Saat Anda berbagi konten sosial dengan tim Anda, coba ini:

  • Menemani setiap posting dengan pesan sosial yang disarankan per setiap jaringan populer.
  • Sertakan catatan dengan setiap bagian konten yang memberi tahu mengapa hal yang Anda bagikan itu penting dan siapa pemangku kepentingan internal yang terlibat dengan inisiatif tersebut.
  • Jika Anda mengutip sumber pihak ketiga, pastikan Anda menyorot publikasi yang bereputasi baik.
  • Pastikan Anda meminta anggota tim Anda untuk berbagi konten dan informasi yang menurut mereka akan beresonansi dengan semua karyawan perusahaan atau audiens departemen.

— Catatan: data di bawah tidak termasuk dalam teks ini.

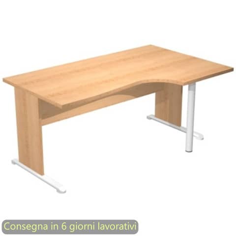 Scrivania della linea Presto, una linea operativa contemporanea progettata per un utilizzo quotidiano ed intensivo in grado di soddisfare tutte le esigenze funzionali ed estetiche. La gamma completa degli elementi permette di allestire ogni ambiente di lavoro, personalizzandolo con stile. Scrivanie con dimensioni conformi alle normative sulla sicurezza dei posti di lavoro in ufficio. Dimensioni L. 160 x P. 60/80/100 x H. 72 cm. Sagomatura laterale destra con sostegno in metallo grigio alluminio. Piani antigraffio ed antiriflesso in bilaminato nobilitato melaminico spessore 22 mm e modesty panel strutturale sp. 18 mm conformi alle norme UNI e EN classe E1. Bordi dei piani in ABS 3 mm antiurto ed assenza di spigoli vivi. Fianchi in melaminico e piede metallico. Imballi in cartone riciclato alto spessore a tutela dell’ambiente. Produzione certificata conforme alle procedure UNI EN ISO 9001. Certificazioni FSC e PEFC. Piano e gambe noce chiaro.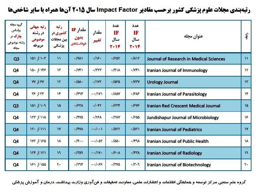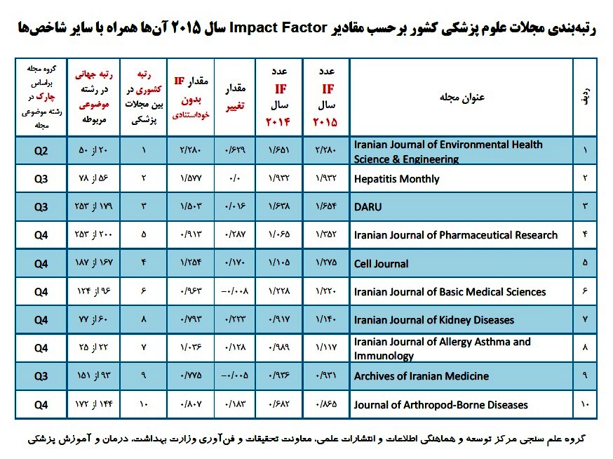 اعلام مقادیر جدید سال 2015 شاخص ضریب تأثیر مجلات نمایه شده در ISI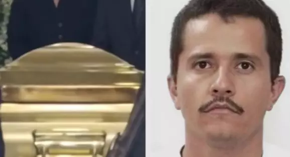 #Nacional ⚰️🚨 || El cuerpo que se presume corresponde a Rubén Oseguera Cervantes, “El Mencho”, fue trasladado en un féretro dorado desde una funeraria en la calle Gigantes hacia el panteón Jardín Recinto de la Paz en Zapopan, donde se realiza su sepultura.

Keterlibatan karyawan, seperti halnya media sosial, harus menjadi dialog dua arah.

Mengukur Keberhasilan Advokasi Karyawan

Menyusun strategi dan menerapkan program advokasi karyawan membutuhkan waktu dan sumber daya. Pastikan bahwa Anda akan dapat mengukur dampak dari upaya Anda. Menambahkan kode UTM di akhir setiap konten milik yang Anda bagikan dengan karyawan akan memudahkan pelacakan, pengukuran, dan tolok ukur.

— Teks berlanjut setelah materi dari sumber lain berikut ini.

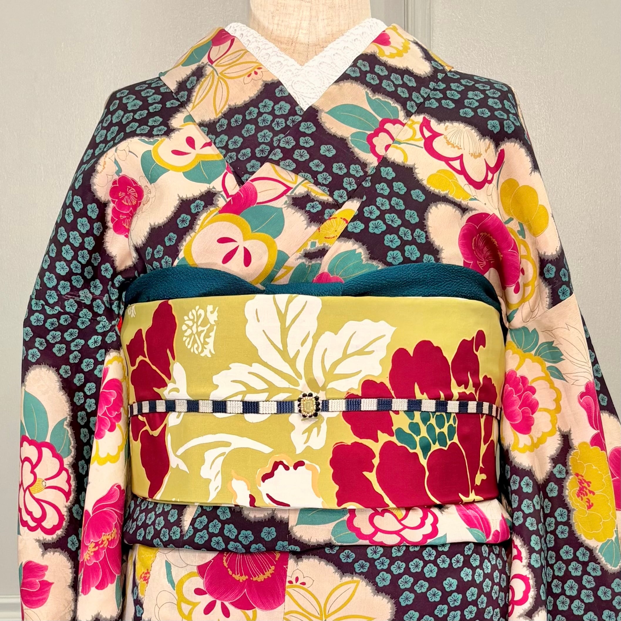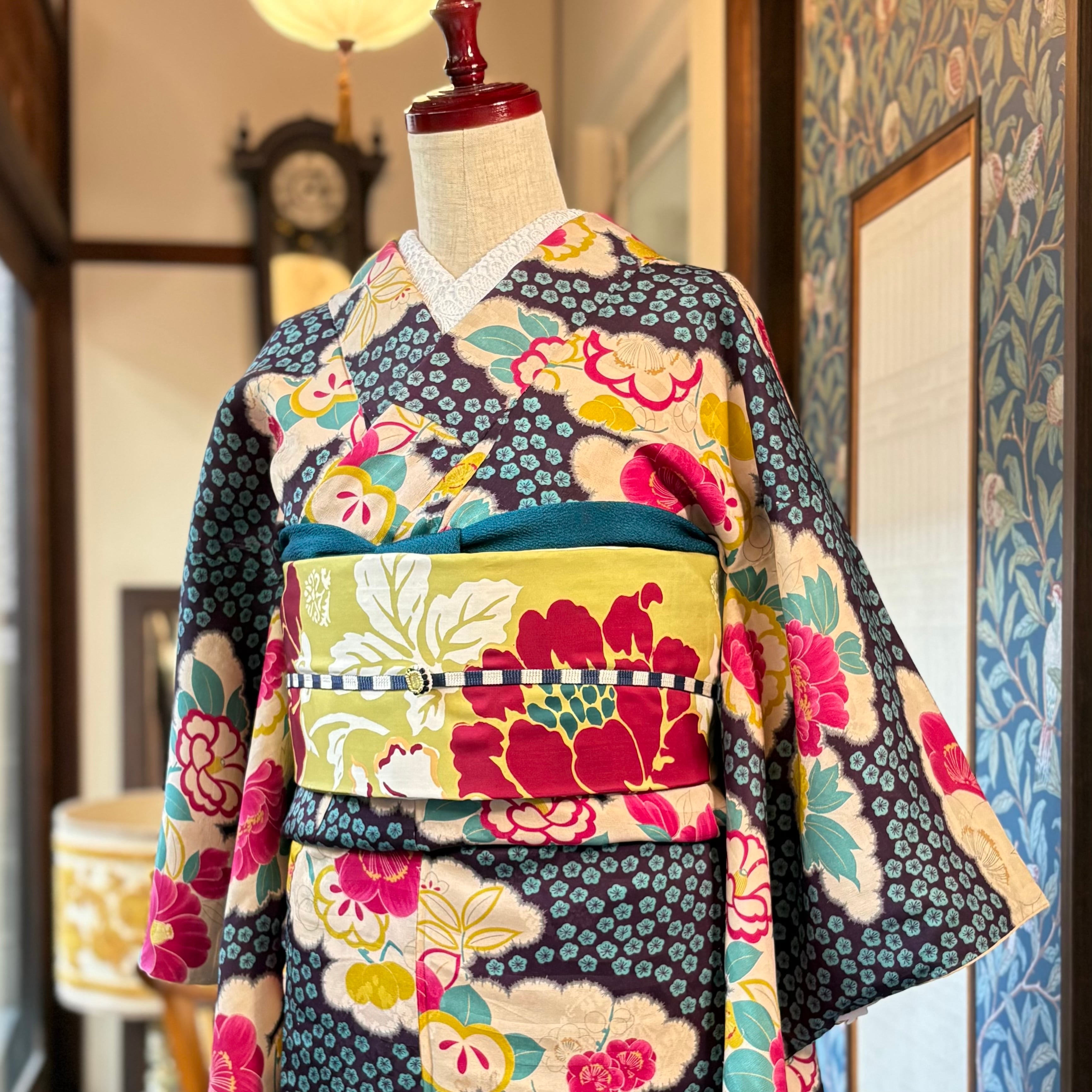 アンティーク着物だけでなく、現代物のシックな大島紬などにも合いそうですね◎

Beberapa metrik sosial yang sama yang Anda terapkan pada upaya pemasaran Anda dapat diterapkan pada inisiatif advokasi Anda.

Ingatlah bahwa mereka yang disurvei 16 kali lebih mungkin membaca postingan media sosial dari seorang teman daripada dari sebuah merek. 81 persen peserta mengatakan bahwa mereka lebih suka melihat posting sosial teman daripada posting merek.

Awasi terus upaya Anda, dan terus gunakan data dan umpan balik anekdot yang Anda terima untuk merevisi dan menyegarkan program Anda.

Semangat untuk Pemimpin Advokasi Anda!

Saat program Anda mendapatkan momentum, karyawan Anda akan melihat bahwa advokasi di media sosial tidak sesulit atau sesulit yang mereka kira. Pastikan untuk memulai dengan kerangka kerja dan pendekatan yang tepat. Mendapatkan karyawan Anda untuk memasukkan advokasi ke dalam rutinitas sehari-hari mereka dapat menjadi proses yang mulus dan saling menguntungkan .

Posting ini awalnya ditulis oleh Andrew Caravella dan diperbarui oleh Michelle Saunders pada tahun 2021.